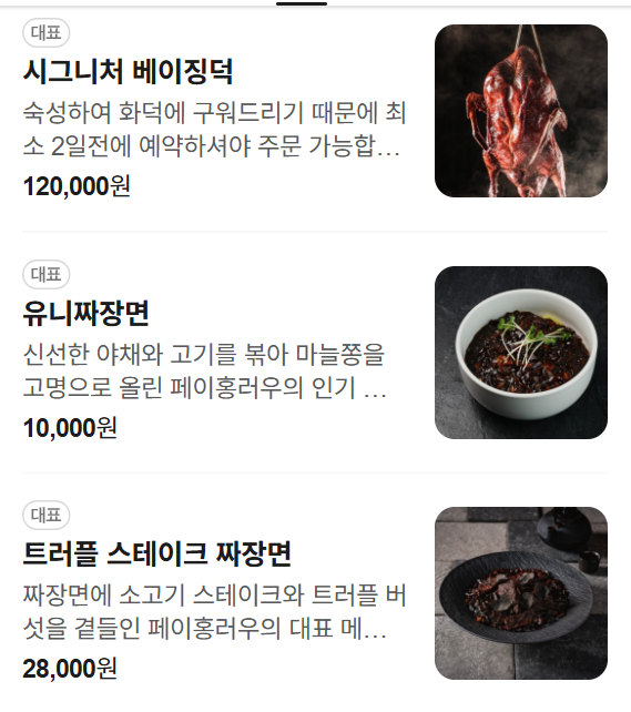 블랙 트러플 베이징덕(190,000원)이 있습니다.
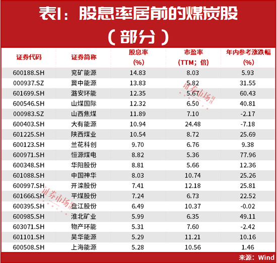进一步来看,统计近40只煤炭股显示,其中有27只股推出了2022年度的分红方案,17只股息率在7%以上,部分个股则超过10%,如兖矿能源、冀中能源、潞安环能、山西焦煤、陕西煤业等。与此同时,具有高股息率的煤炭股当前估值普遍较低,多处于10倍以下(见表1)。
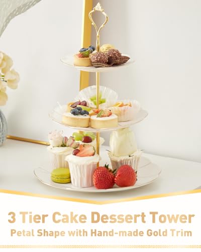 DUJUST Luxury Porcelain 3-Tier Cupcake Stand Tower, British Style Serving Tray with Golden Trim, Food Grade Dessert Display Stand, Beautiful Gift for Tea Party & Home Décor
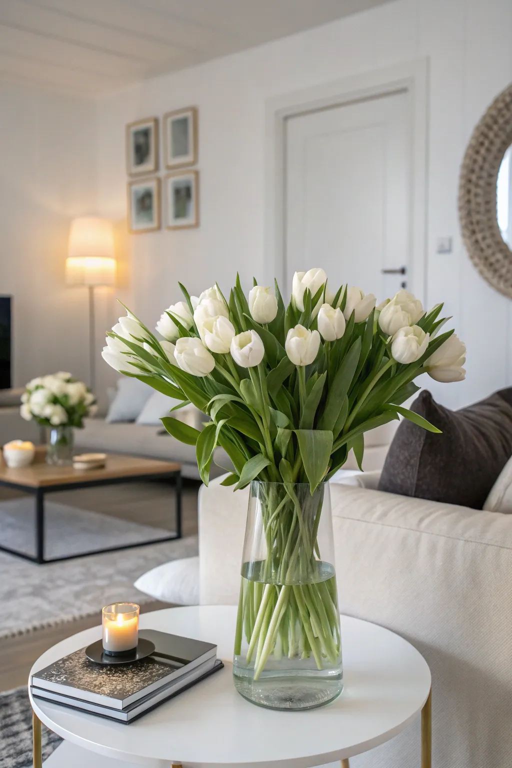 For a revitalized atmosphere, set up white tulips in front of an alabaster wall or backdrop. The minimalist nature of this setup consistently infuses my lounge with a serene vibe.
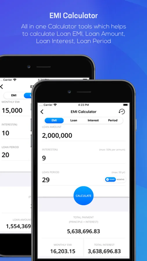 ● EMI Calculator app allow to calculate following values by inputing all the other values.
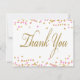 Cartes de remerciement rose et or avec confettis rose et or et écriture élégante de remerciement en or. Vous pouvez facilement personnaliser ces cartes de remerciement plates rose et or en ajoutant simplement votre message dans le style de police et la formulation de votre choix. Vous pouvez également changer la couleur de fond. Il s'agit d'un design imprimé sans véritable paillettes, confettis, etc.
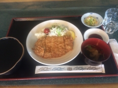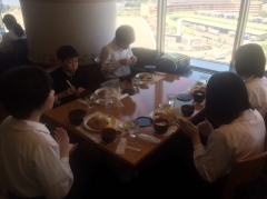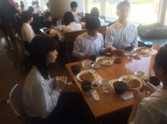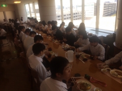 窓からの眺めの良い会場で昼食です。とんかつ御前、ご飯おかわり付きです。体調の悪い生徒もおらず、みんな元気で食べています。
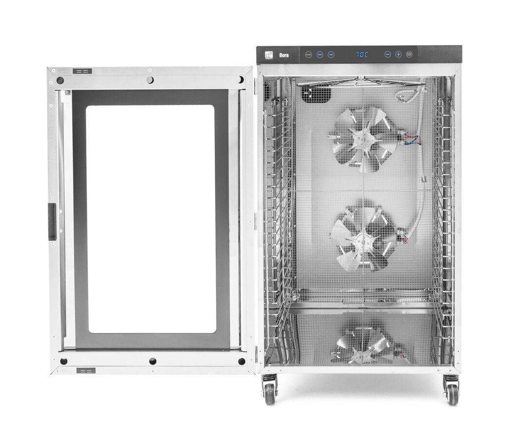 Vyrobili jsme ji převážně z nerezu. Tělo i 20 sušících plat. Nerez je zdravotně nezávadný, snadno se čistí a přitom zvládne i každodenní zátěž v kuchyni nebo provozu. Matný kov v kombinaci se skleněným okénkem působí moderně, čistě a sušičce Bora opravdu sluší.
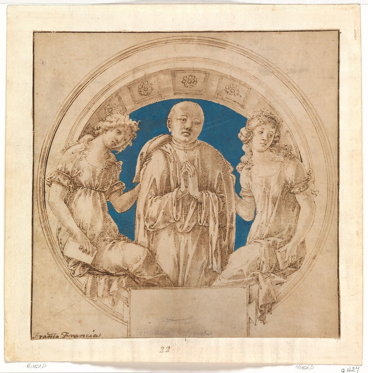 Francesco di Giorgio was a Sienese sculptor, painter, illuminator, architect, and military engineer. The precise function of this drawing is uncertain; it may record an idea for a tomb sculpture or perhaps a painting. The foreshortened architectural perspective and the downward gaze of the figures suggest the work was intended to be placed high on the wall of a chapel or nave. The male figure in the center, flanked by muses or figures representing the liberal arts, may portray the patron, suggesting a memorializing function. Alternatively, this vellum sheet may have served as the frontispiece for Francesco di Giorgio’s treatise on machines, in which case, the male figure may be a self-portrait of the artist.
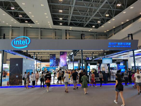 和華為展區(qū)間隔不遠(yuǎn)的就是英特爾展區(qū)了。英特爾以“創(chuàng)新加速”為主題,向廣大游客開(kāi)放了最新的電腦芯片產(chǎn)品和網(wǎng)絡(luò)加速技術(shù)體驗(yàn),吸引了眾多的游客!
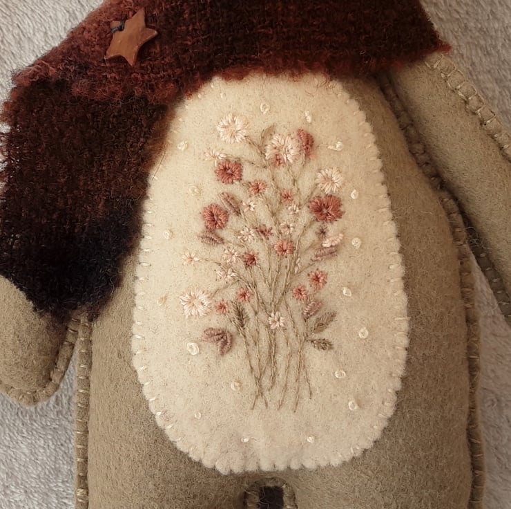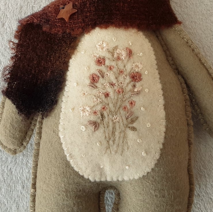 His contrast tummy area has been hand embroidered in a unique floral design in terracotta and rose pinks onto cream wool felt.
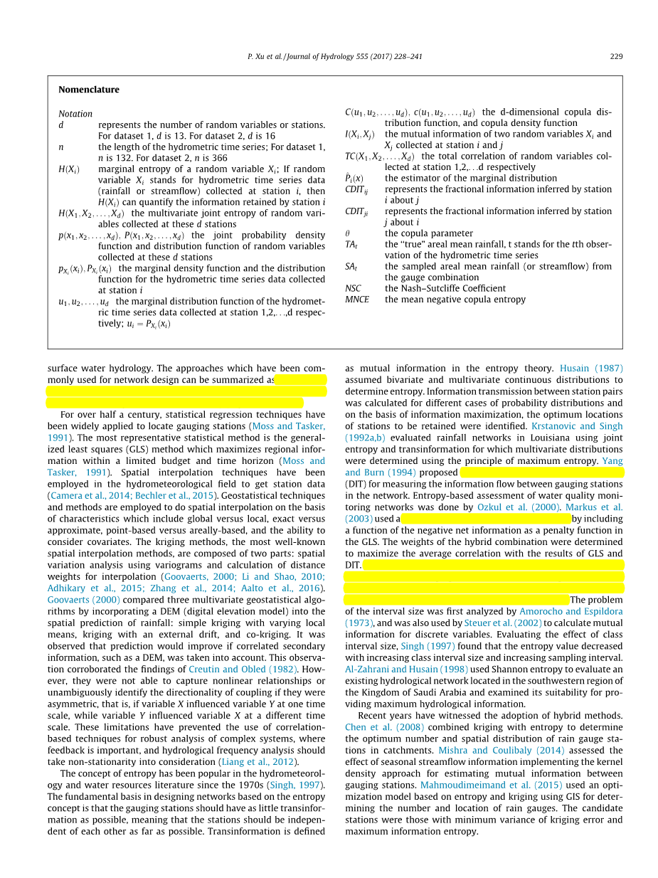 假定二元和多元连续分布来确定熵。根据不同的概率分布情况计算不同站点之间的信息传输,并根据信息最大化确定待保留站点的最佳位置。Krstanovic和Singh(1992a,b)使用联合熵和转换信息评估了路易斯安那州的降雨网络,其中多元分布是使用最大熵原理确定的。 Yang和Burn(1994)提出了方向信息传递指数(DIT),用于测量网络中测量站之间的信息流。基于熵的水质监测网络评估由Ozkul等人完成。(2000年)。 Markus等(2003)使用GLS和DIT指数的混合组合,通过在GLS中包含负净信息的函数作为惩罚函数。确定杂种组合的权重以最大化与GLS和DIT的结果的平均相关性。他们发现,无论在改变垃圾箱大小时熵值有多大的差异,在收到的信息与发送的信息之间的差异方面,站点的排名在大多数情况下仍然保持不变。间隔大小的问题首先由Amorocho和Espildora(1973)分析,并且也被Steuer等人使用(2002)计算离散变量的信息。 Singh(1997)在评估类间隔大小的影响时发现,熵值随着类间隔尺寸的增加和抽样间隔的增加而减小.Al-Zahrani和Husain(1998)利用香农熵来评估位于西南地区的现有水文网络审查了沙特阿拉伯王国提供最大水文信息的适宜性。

=====

* [TASK DIRECTIONS]: All lines from the start of the entries through the one with "窓からの眺めの良い会場で昼食" are to be output exactly; omit the pictures.

* [EXPECTED ANSWER]:
 블랙 트러플 베이징덕(190,000원)이 있습니다.
进一步来看,统计近40只煤炭股显示,其中有27只股推出了2022年度的分红方案,17只股息率在7%以上,部分个股则超过10%,如兖矿能源、冀中能源、潞安环能、山西焦煤、陕西煤业等。与此同时,具有高股息率的煤炭股当前估值普遍较低,多处于10倍以下(见表1)。
 DUJUST Luxury Porcelain 3-Tier Cupcake Stand Tower, British Style Serving Tray with Golden Trim, Food Grade Dessert Display Stand, Beautiful Gift for Tea Party & Home Décor
 For a revitalized atmosphere, set up white tulips in front of an alabaster wall or backdrop. The minimalist nature of this setup consistently infuses my lounge with a serene vibe.
 ● EMI Calculator app allow to calculate following values by inputing all the other values.
 Cartes de remerciement rose et or avec confettis rose et or et écriture élégante de remerciement en or. Vous pouvez facilement personnaliser ces cartes de remerciement plates rose et or en ajoutant simplement votre message dans le style de police et la formulation de votre choix. Vous pouvez également changer la couleur de fond. Il s'agit d'un design imprimé sans véritable paillettes, confettis, etc.
 窓からの眺めの良い会場で昼食です。とんかつ御前、ご飯おかわり付きです。体調の悪い生徒もおらず、みんな元気で食べています。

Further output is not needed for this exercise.